Welcome to DU! The truly grassroots left-of-center political community where regular people, not algorithms, drive the discussions and set the standards. Join the community: Create a free account Support DU (and get rid of ads!): Become a Star Member Latest Breaking News Editorials & Other Articles General Discussion The DU Lounge All Forums Issue Forums Culture Forums Alliance Forums Region Forums Support Forums Help & Search

usonian

(17,477 posts)
Tue Mar 25, 2025, 03:08 PM Mar 25

AI bots are destroying Open Access

TLDR:

We are headed for a world in which all good information is locked up behind secure registration barriers and paywalls, and it won't be to make money, it will be for survival. Captchas will only be solvable by advanced AIs and only the wealthy will be able to use internet libraries.

https://go-to-hellman.blogspot.com/2025/03/ai-bots-are-destroying-open-access.html

The current generation of bots is mindless. They use as many connections as you have room for. If you add capacity, they just ramp up their requests. They use randomly generated user-agent strings. They come from large blocks of IP addresses. They get trapped in endless hallways. I observed one bot asking for 200,000 nofollow redirect links pointing at Onedrive, Google Drive and Dropbox. (which of course didn't work, but Onedrive decided to stop serving our Canadian human users). They use up server resources - one speaker at Code4lib described a bug where software they were running was using 32 bit integers for session identifiers, and it ran out!

The good guys are trying their best. They're sharing block lists and bot signatures. Many libraries are routinely blocking entire countries (nobody in china could possibly want books!) just to be able to serve a trickle of local requests. They are using commercial services such as Cloudflare to outsource their bot-blocking and captchas, without knowing for sure what these services are blocking, how they're doing it, or whether user privacy and accessibility is being flushed down the toilet. But nothing seems to offer anything but temporary relief. Not that there's anything bad about temporary relief, but we know the bots just intensify their attack on other content stores.


The surge of AI bots has hit Open Access sites particularly hard, as their mission conflicts with the need to block bots. Consider that Internet Archive can no longer save snapshots of one of the best open-access publishers, MIT Press because of cloudflare blocking. (see above) Who know how many books will be lost this way?
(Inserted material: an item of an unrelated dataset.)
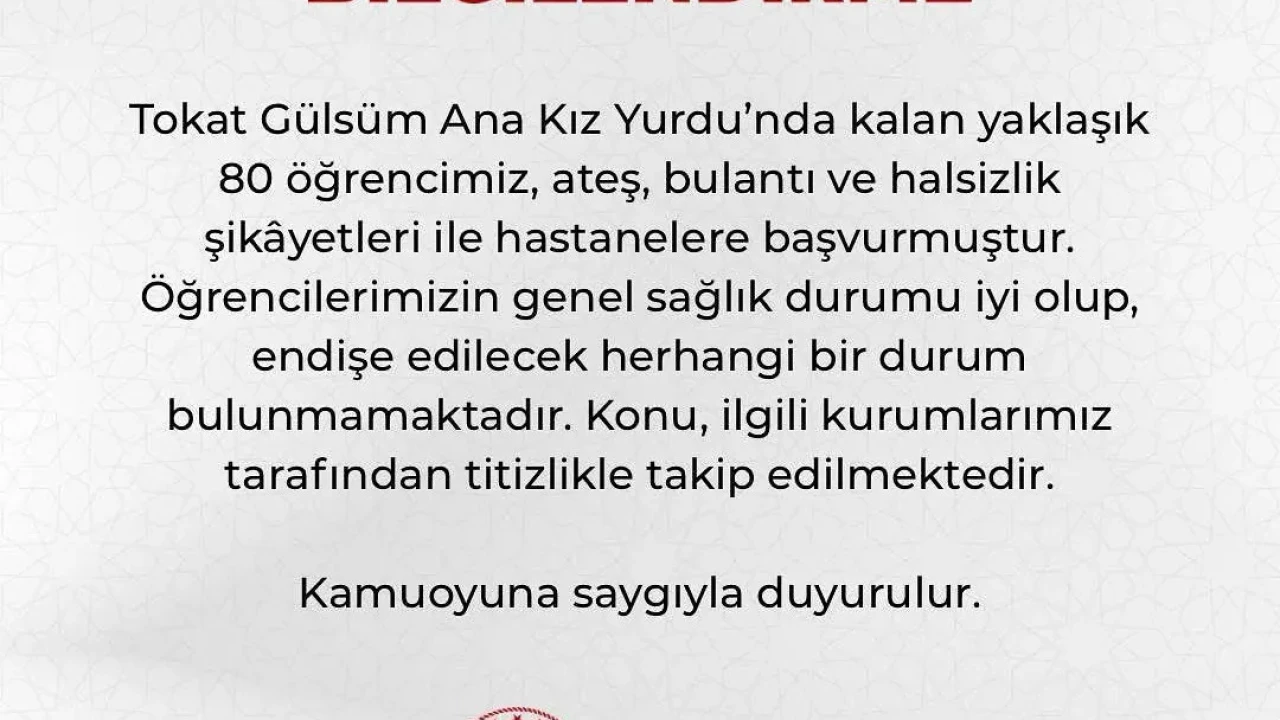 Tokat Valiliği’nden yapılan yazılı açıklamada, “Tokat Gülsüm Ana Kız Yurdu’nda kalan yaklaşık 80 öğrencimiz, ateş, bulantı ve halsizlik şikayetleri ile hastanelere başvurmuştur. Öğrencilerimizin genel sağlık durumu iyi olup, endişe edilecek herhangi bir durum bulunmamaktadır. Konu, ilgili kurumlarımız tarafından titizlikle takip edilmektedir.” ifadelerine yer verildi.

Or consider that the bots took down OAPEN, the worlds most important repository of Scholarly OA books, for a day or two. That's 34,000 books that AI "checked out" for two days. Or recent outages at Project Gutenberg, which serves 2 million dynamic pages and a half million downloads per day. That's hundreds of thousands of downloads blocked! The link checker at doab-check.ebookfoundation.org (a project I worked on for OAPEN) is now showing 1,534 books that are unreachable due to "too many requests". That's 1,534 books that AI has stolen from us! And it's getting worse.

...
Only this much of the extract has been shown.